- YOUR OBJECTIVE
An exact copy of the lines of the listing below between the "- Ghế có khung" line and the "Plush and modern-minded." line, both included, is the whole answer; please omit the pictures.

=== Section Start ===

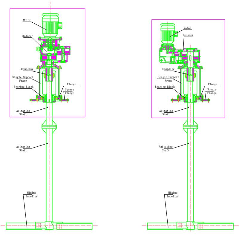 3) Caratteristiche del modulo di installazione dell'agitatore inclinabile: Installare l'agitatore direttamente sul bordo superiore del serbatoio, bloccarlo e fissarlo con la stecca o mandrino e il bordo del cilindro.L'asta di agitazione viene inserita obliquamente nel contenitore per la miscelazione.È adatto per mescolare il contenitore.Una struttura cilindrica o un dispositivo di miscelazione quadrato aperto prevengono le correnti parassite.Il dispositivo di miscelazione di questo tipo di installazione è più flessibile e flessibile, facile da usare e da mantenere, semplice nella struttura e leggero.Viene generalmente utilizzato su piccole apparecchiature e la potenza utilizzata è 0,1-2,2 kW.Viene utilizzato il mixer con uno o due strati di pale.Gamma 36 ~ 300 giri/min.
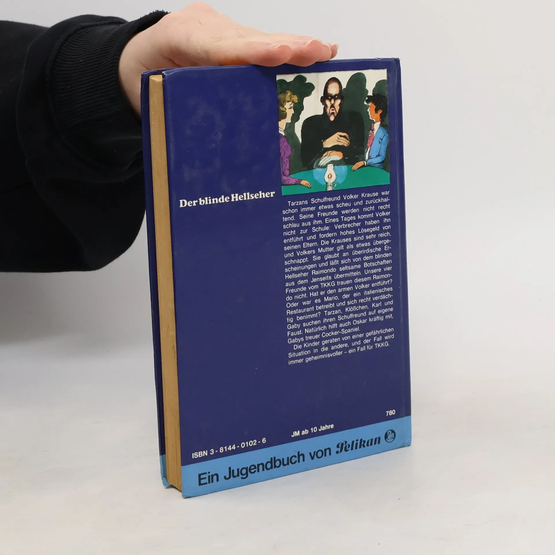 Tarzans Schulfreund Volker Krause war schon immer etwas scheu und zurückhaltend. Seine Freunde werden nicht recht schlau aus ihm. Eines Tages kommt Volker nicht zur Schule: Verbrecher haben ihn entführt und fordern hohes Lösegeld von seinen Eltern. Die Krauses sind sehr reich, und Volkers Mutter gilt als etwas übergeschnappt. Sie glaubt an überirdische Erscheinungen und lässt sich von dem blinden Hellseher Raimondo seltsame Botschaften aus dem Jenseits übermitteln. Unsere vier Freunde vom TKKG trauen diesem Raimondo nicht. Hat er den armen Volker entführt? Oder war es Mario, der ein italienisches Restaurant betreibt und sich recht verdächtigt benimmt? Tarzan, Klößchen, Karl und Gaby suchen ihren Schulfreund auf eigene Faust. Natürlich hilft auch Oskar kräftig mit, Gabys treuer Cocker-Spaniel. Die Kinder geraten von einer gefährlichen Situation in die andere, und der Fall wird immer geheimnisvoller...
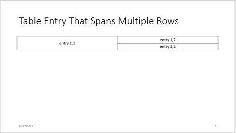 replace(slide,"Title","Table Entry That Spans Multiple Rows"); replace(slide,"Table",t);
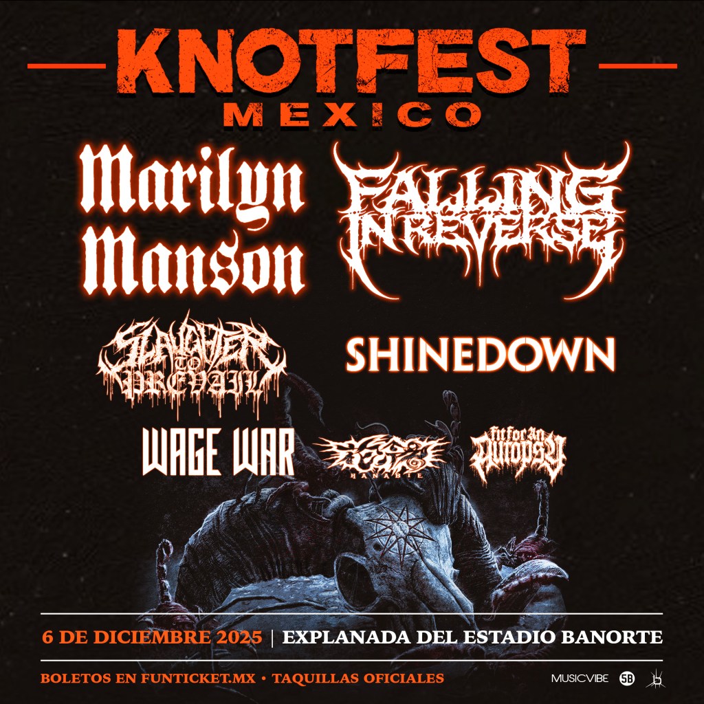 Esta nueva celebración de Knotfest México viene en grande, pues los headliners serán Marilyn Manson, quien regresa a CDMX dispuesto a dar misa con sus éxitos, y Falling in Reverse como una de las apuestas más fuertes del cartel.
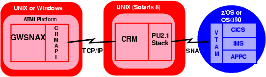 The Tuxedo Mainframe Adapter Gateway is the transactional SNA gateway. It is implemented as an ATMI domain gateway and uses the ATMI environments. The gateway communicates over a Transmission Control Protocol/Internet Protocol (TCP/IP) connection with the CRM.
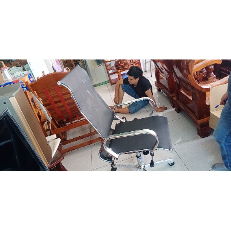 - Ghế có khung thép mạ bọc vải lưới chiụ lực.
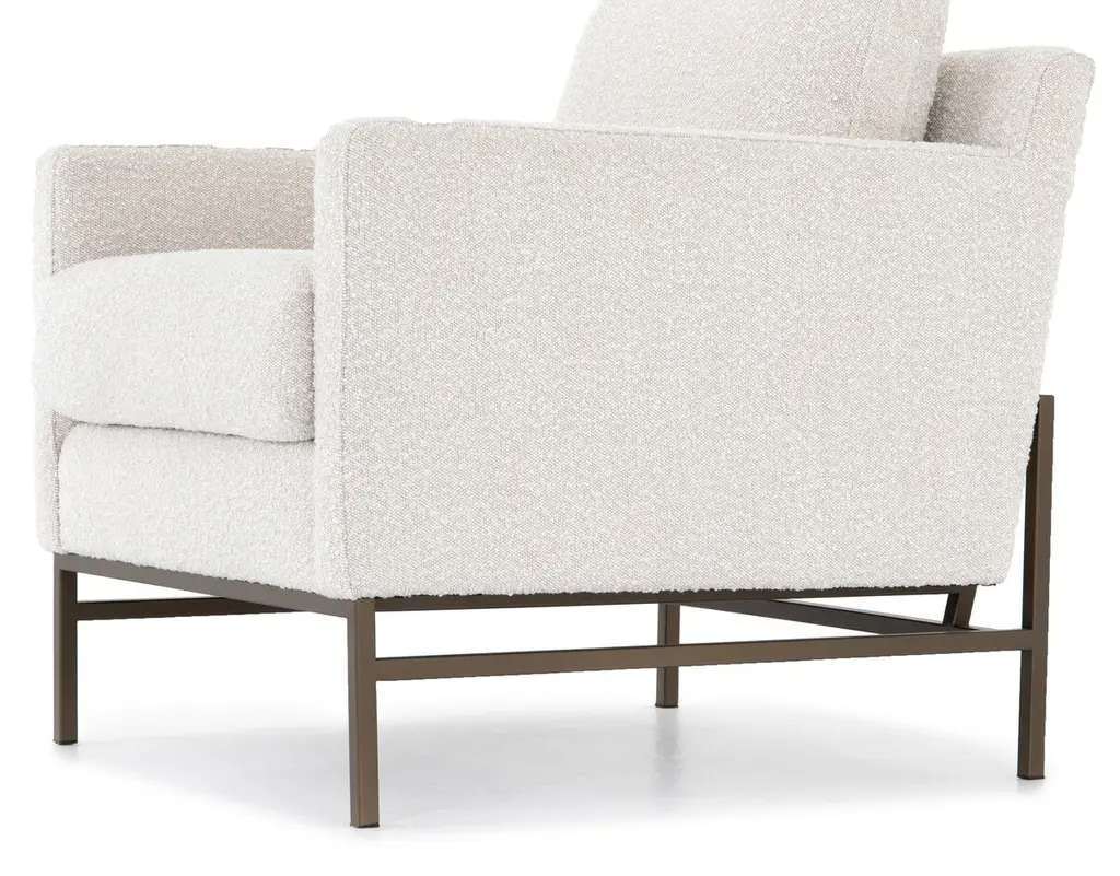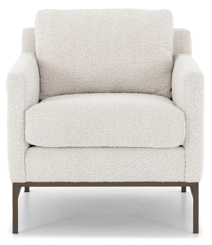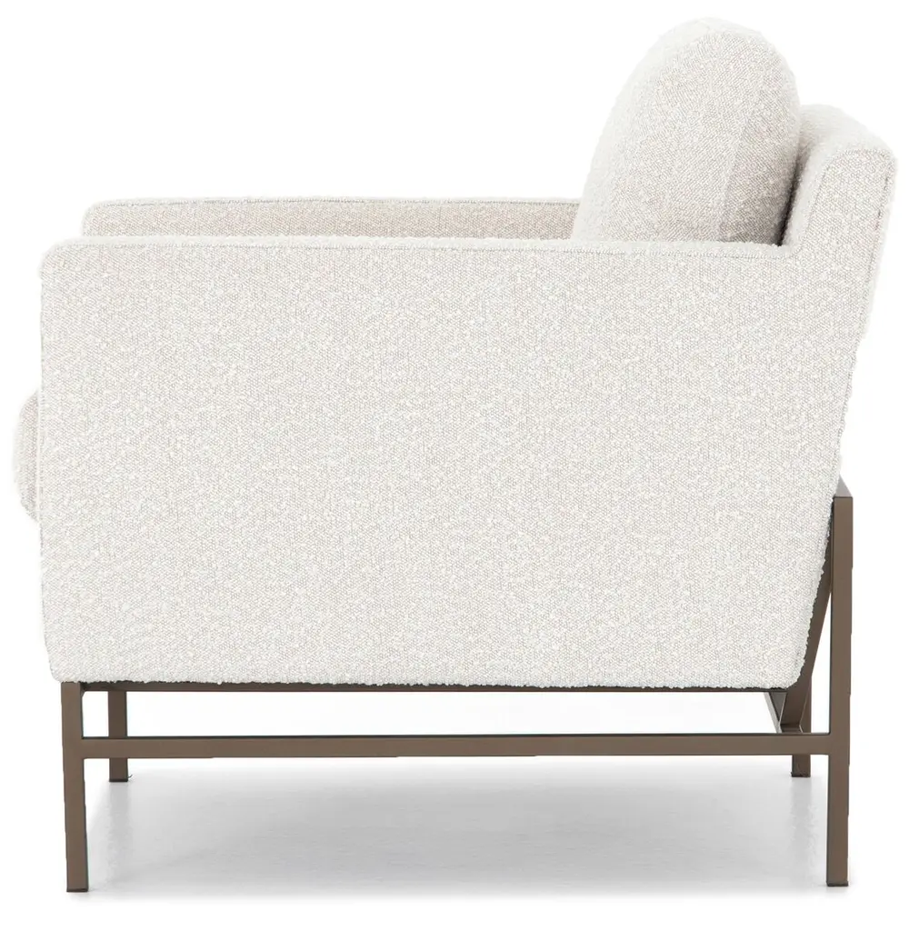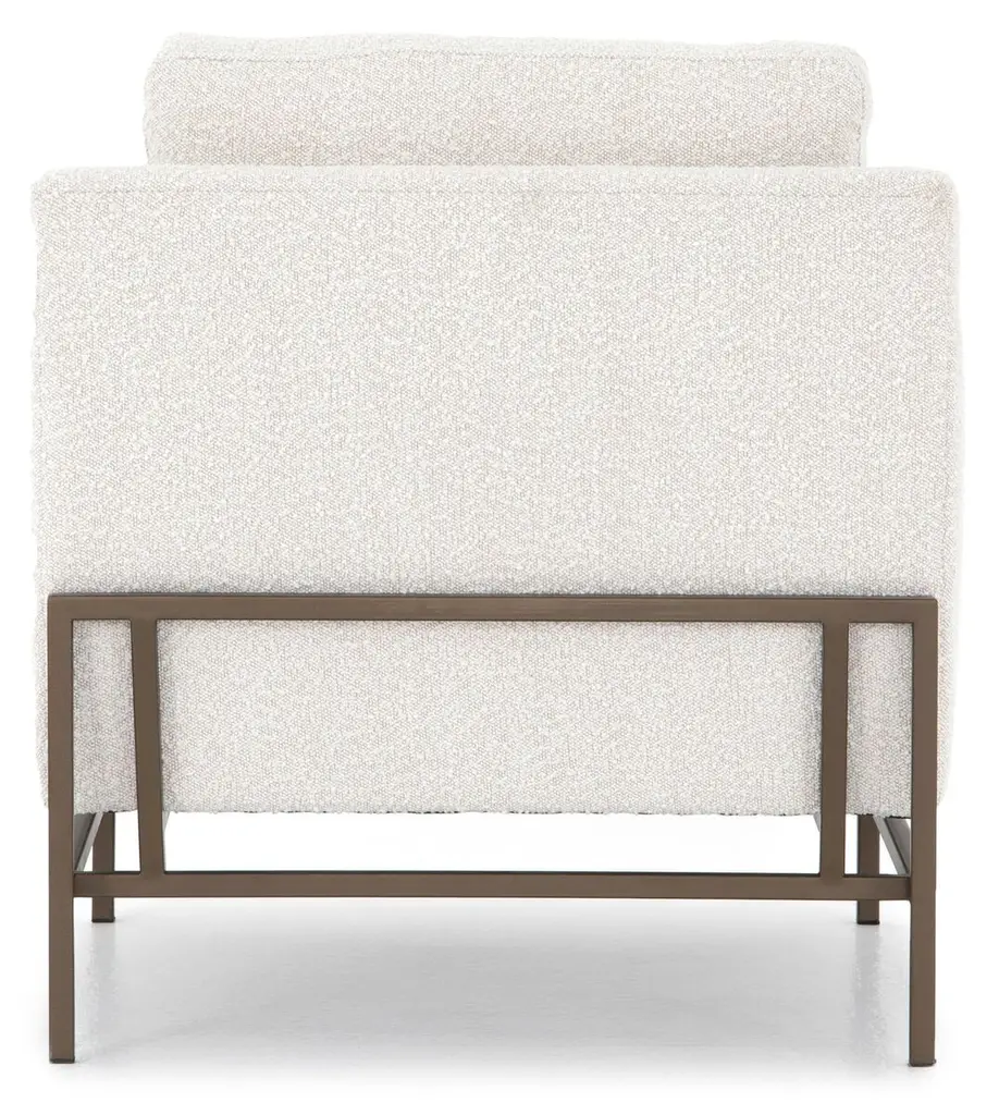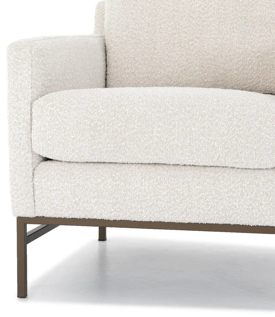 Plush and modern-minded. Atop an airy, bronze-finished iron base, thick, boucle-like upholstery features clean, angular track arms and comfy cushioning, for the best of both worlds.
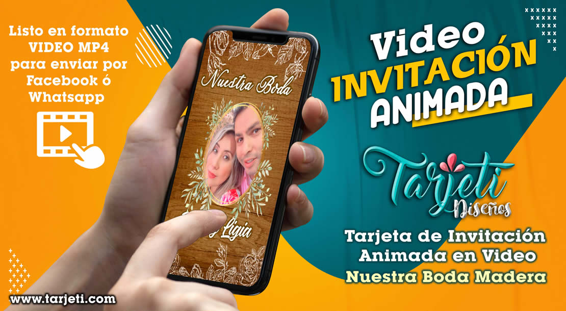 Video Invitación de Nuestra Boda Madera en MP4, ahorra tiempo y dinero enviando de esta forma novedosa tus invitaciones, te enviamos el video en formato MP4 para reenviar a todos tus contactos de Whatsapp, Facebook, TikTok etc., te brindamos este servicio personalizando el texto con el nombre del cumpleañero o cumpleañera, día, hora, lugar y 3 fotos.
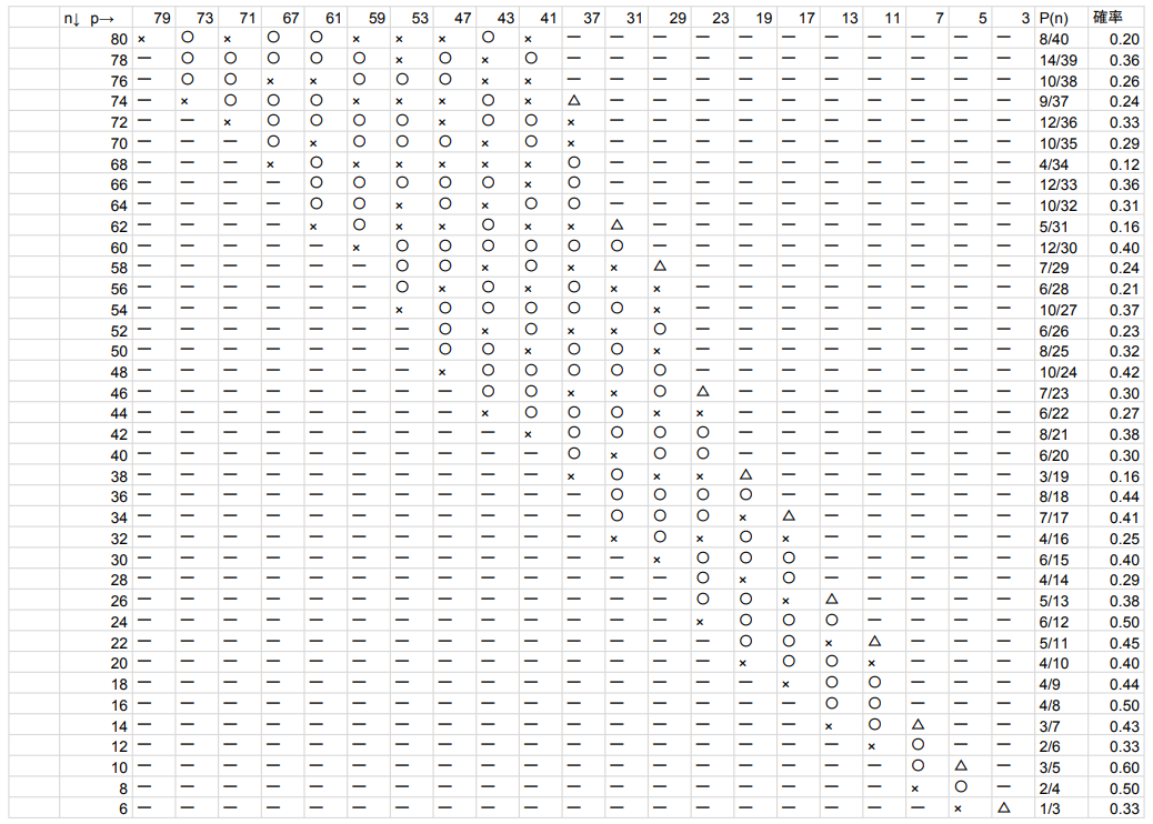 方針に基づいて,表形式で\(q=n-p\)の素数判定を行うと次のようになる.
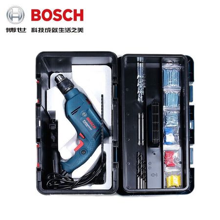Ручная электрическая дрель Bosch, ударная дрель, бытовая электрическая отвертка, ящик для инструментов, полный набор GSB550, отвертка с перфорацией вперед и назад
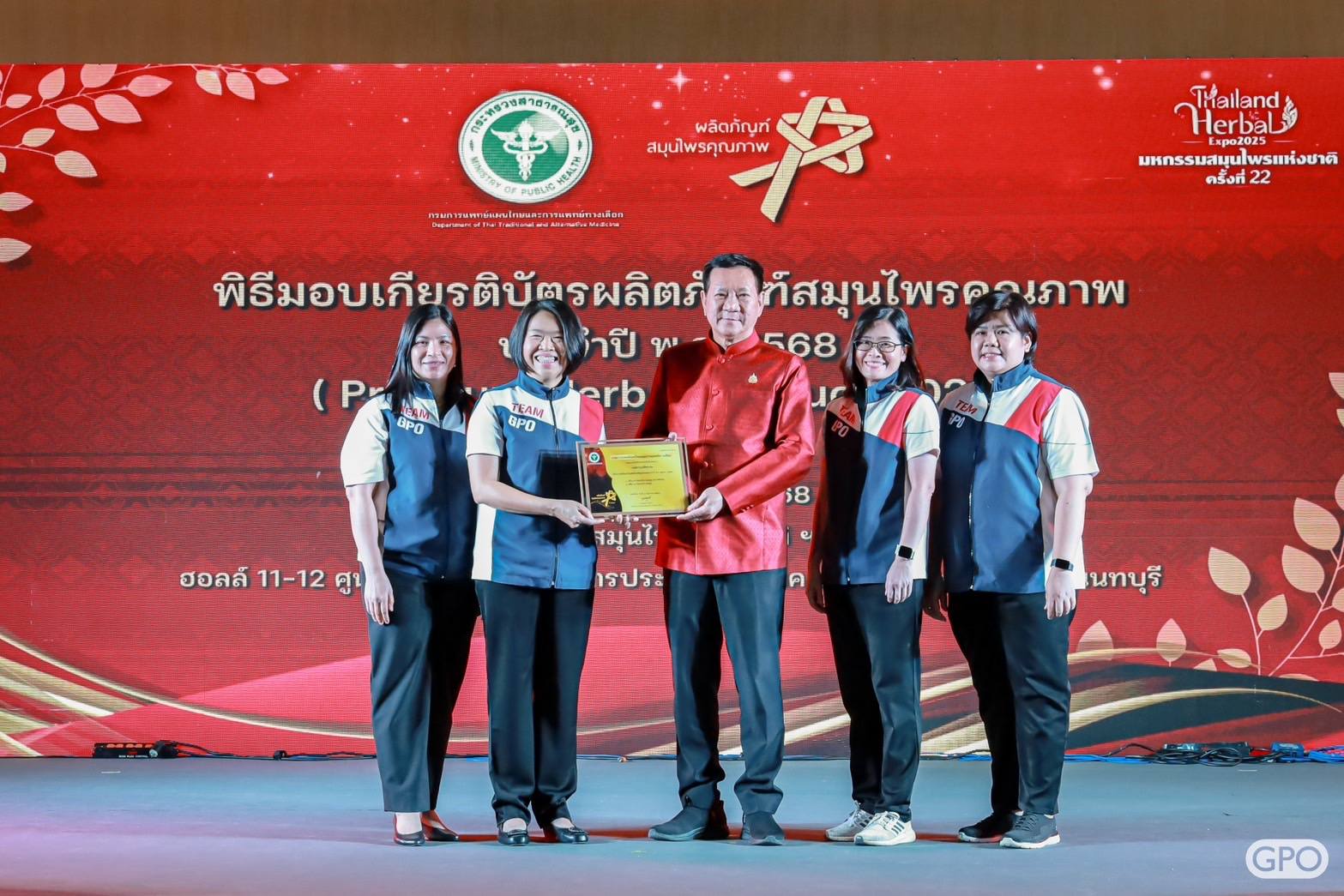 เมื่อวันที่ 4 กรกฎาคม 2568 ภญ.ยุวพร ศรีน้อย ผู้เชี่ยวชาญพิเศษ องค์การเภสัชกรรม เข้ารับเกียรติบัตรรางวัลเชิดชูเกียรติผลิตภัณฑ์สมุนไพรคุณภาพ จากนายโฆสิต สุวินิจจิต ที่ปรึกษารัฐมนตรีว่าการกระทรวงสาธารณสุข ในงานมหกรรมสมุนไพรแห่งชาติ และการประชุมวิชาการประจำปีการแพทย์แผนไทยการแพทย์พื้นบ้านและการแพทย์ทางเลือก ครั้งที่ 22 ณ ฮอลล์ 11-12 ศูนย์แสดงสินค้าและการประชุม อิมแพ็ค เมืองทองธานี จังหวัดนนทบุรี
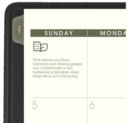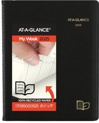 Stay on track with this AT-A-GLANCE Recycled weekly and monthly planner, partially made from recycled materials. The planner includes quarter-hourly appointment times for detailed scheduling. Plus, tips for green living are featured on every page. Weekly and monthly planner covers 12 months from January 2025 to December 2025 with Julian dates. Guaranteed to last all year. Made with 100% postconsumer waste recycled paper and 50% postconsumer waste recycled covers. One week per two-page spread has ruled columns with quarter-hourly appointment times from 7:00 a. m. to 8:45 p. m., Monday to Friday; Saturday times run from 7:00 a. m. to 5:30 p. m., and Sundays are untimed for flexibility; one month per two-page spread features unruled daily blocks and past, current, and future month reference calendars. Find tips for green living on every page. Comes in a classic black design. Features a faux leather cover. Twin-wire binding helps prevent snags and secure the pages. Special pages include future planning, important dates, telephone/address, and notes pages. Each month is tabbed for easy navigation. Thoughtfully designed and assembled in the US using high-quality materials. Page dimensions: 8. 25" x 11".

=== Section End ===

- RESULT OF THE EXERCISE
 - Ghế có khung thép mạ bọc vải lưới chiụ lực.
 Plush and modern-minded. Atop an airy, bronze-finished iron base, thick, boucle-like upholstery features clean, angular track arms and comfy cushioning, for the best of both worlds.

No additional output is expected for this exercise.